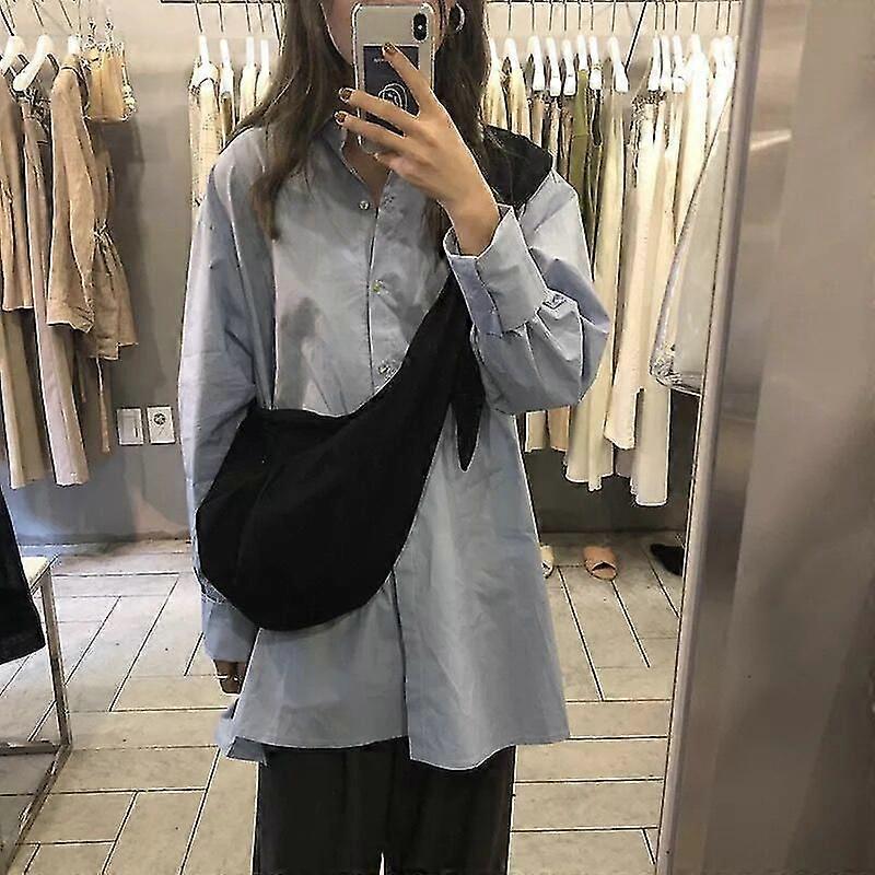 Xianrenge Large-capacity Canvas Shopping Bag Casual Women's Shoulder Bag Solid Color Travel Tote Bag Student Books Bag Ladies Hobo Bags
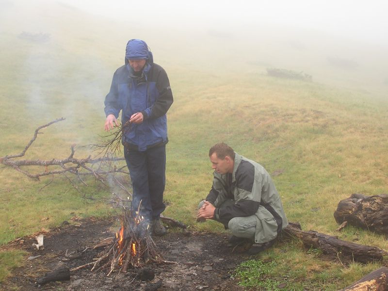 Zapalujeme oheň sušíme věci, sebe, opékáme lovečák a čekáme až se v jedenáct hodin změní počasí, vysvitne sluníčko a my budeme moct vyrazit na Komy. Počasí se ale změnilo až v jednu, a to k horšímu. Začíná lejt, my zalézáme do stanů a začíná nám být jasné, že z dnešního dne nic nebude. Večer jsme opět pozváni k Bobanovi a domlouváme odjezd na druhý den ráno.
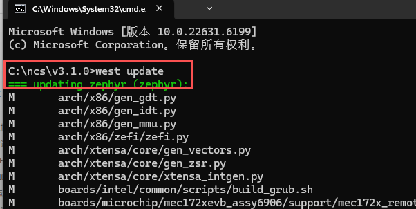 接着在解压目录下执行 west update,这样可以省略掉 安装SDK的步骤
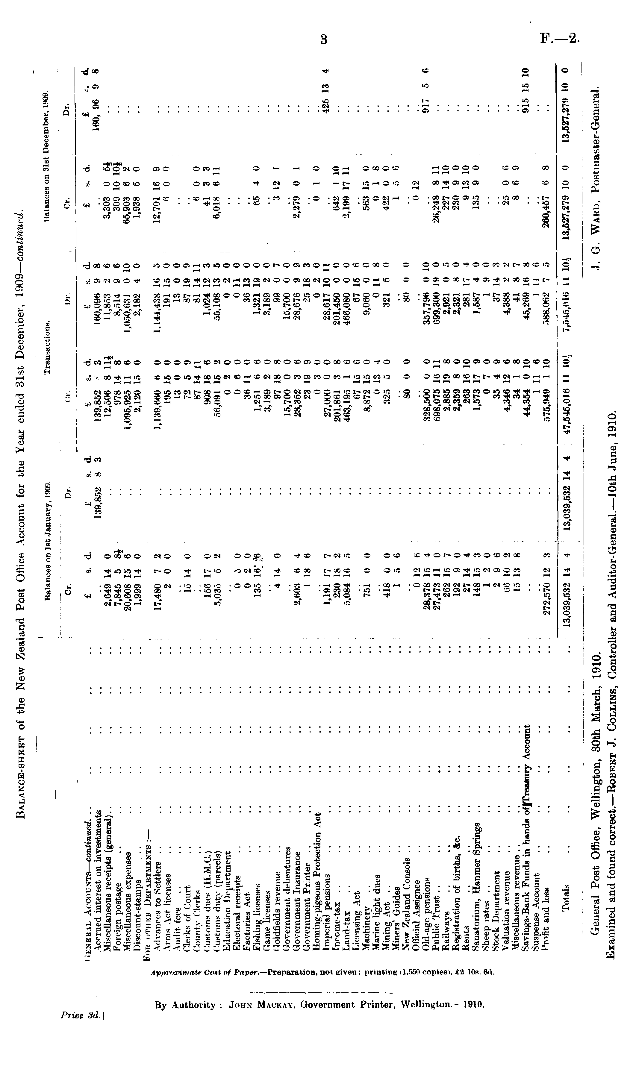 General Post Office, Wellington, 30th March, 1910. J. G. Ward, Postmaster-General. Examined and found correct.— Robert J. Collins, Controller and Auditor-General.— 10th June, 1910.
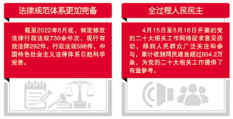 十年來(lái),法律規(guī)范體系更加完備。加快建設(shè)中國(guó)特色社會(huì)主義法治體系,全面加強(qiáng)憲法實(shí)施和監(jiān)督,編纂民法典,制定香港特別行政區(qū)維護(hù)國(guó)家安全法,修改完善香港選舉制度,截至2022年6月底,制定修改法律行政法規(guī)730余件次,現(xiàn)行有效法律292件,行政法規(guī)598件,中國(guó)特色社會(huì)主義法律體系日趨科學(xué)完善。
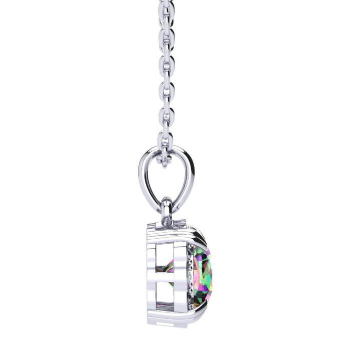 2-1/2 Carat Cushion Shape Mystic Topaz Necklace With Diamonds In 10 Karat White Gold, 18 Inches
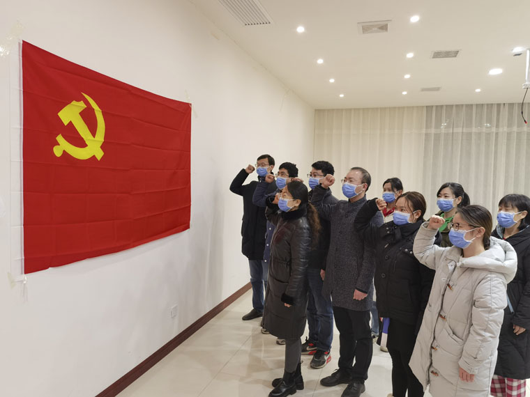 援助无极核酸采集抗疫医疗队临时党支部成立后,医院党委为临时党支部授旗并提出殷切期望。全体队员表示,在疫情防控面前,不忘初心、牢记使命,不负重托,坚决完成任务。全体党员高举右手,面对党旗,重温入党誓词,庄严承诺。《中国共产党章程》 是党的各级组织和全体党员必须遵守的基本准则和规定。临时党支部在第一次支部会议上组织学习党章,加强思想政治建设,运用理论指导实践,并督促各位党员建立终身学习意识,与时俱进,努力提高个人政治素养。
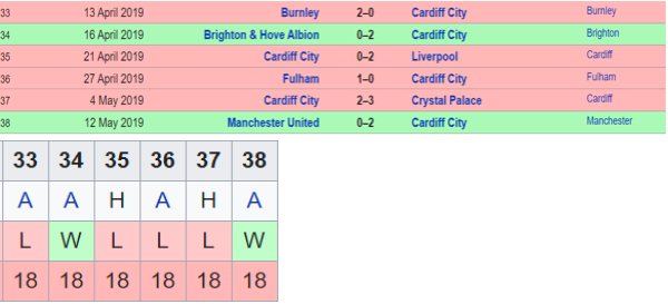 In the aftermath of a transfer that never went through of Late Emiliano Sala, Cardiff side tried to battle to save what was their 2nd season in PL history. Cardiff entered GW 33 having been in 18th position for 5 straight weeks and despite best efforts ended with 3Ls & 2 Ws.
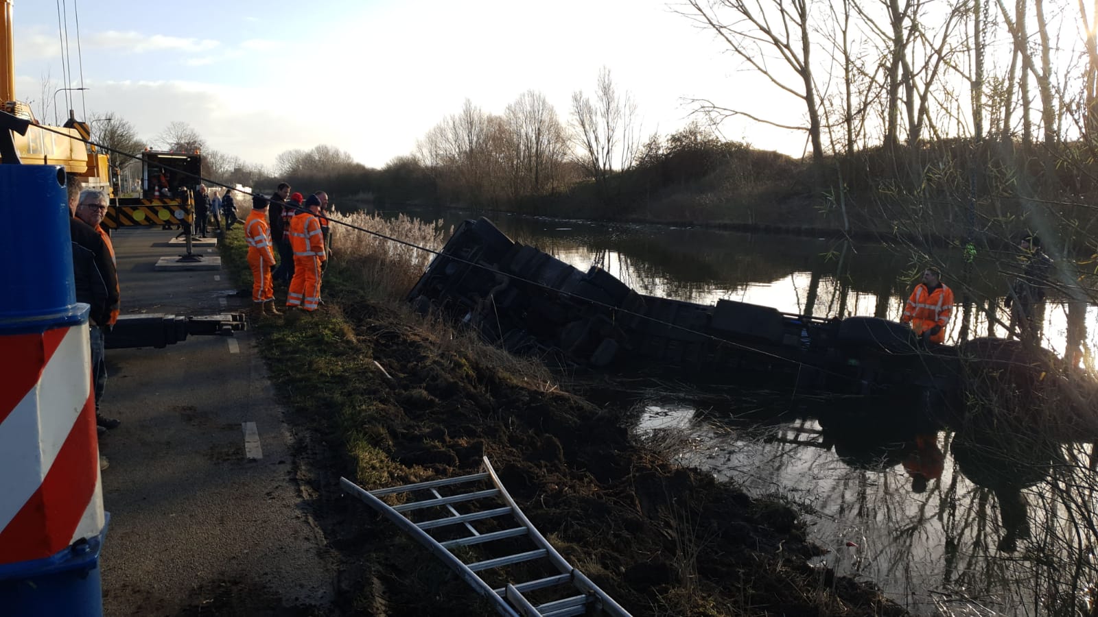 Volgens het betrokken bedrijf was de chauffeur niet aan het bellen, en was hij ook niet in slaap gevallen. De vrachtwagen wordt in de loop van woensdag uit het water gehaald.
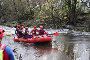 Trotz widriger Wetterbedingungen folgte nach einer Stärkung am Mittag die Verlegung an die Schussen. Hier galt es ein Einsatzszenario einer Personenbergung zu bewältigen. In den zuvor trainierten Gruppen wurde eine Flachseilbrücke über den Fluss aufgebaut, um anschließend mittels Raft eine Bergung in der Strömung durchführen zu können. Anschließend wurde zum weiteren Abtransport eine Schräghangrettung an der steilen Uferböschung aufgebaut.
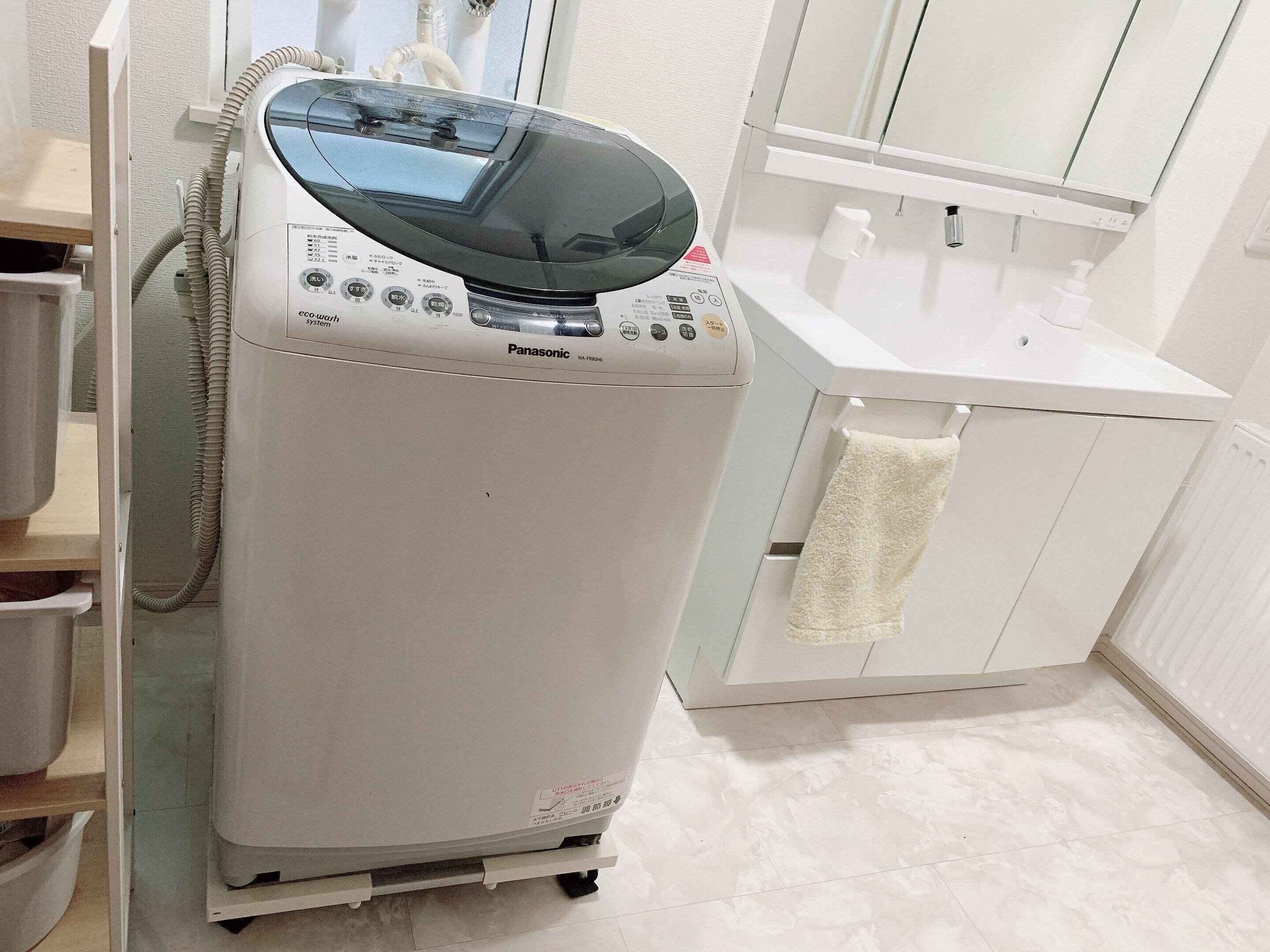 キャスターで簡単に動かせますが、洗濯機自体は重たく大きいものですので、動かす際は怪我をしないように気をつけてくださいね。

========================================

● **Work order**: Look back at the data above, then output exactly the lines from the line holding "2-1/2 Carat Cushion" up to and including the line holding "援助无极核酸采集抗疫医疗队临". Leave out the pictures.

● **The completed task**:
 2-1/2 Carat Cushion Shape Mystic Topaz Necklace With Diamonds In 10 Karat White Gold, 18 Inches
 援助无极核酸采集抗疫医疗队临时党支部成立后,医院党委为临时党支部授旗并提出殷切期望。全体队员表示,在疫情防控面前,不忘初心、牢记使命,不负重托,坚决完成任务。全体党员高举右手,面对党旗,重温入党誓词,庄严承诺。《中国共产党章程》 是党的各级组织和全体党员必须遵守的基本准则和规定。临时党支部在第一次支部会议上组织学习党章,加强思想政治建设,运用理论指导实践,并督促各位党员建立终身学习意识,与时俱进,努力提高个人政治素养。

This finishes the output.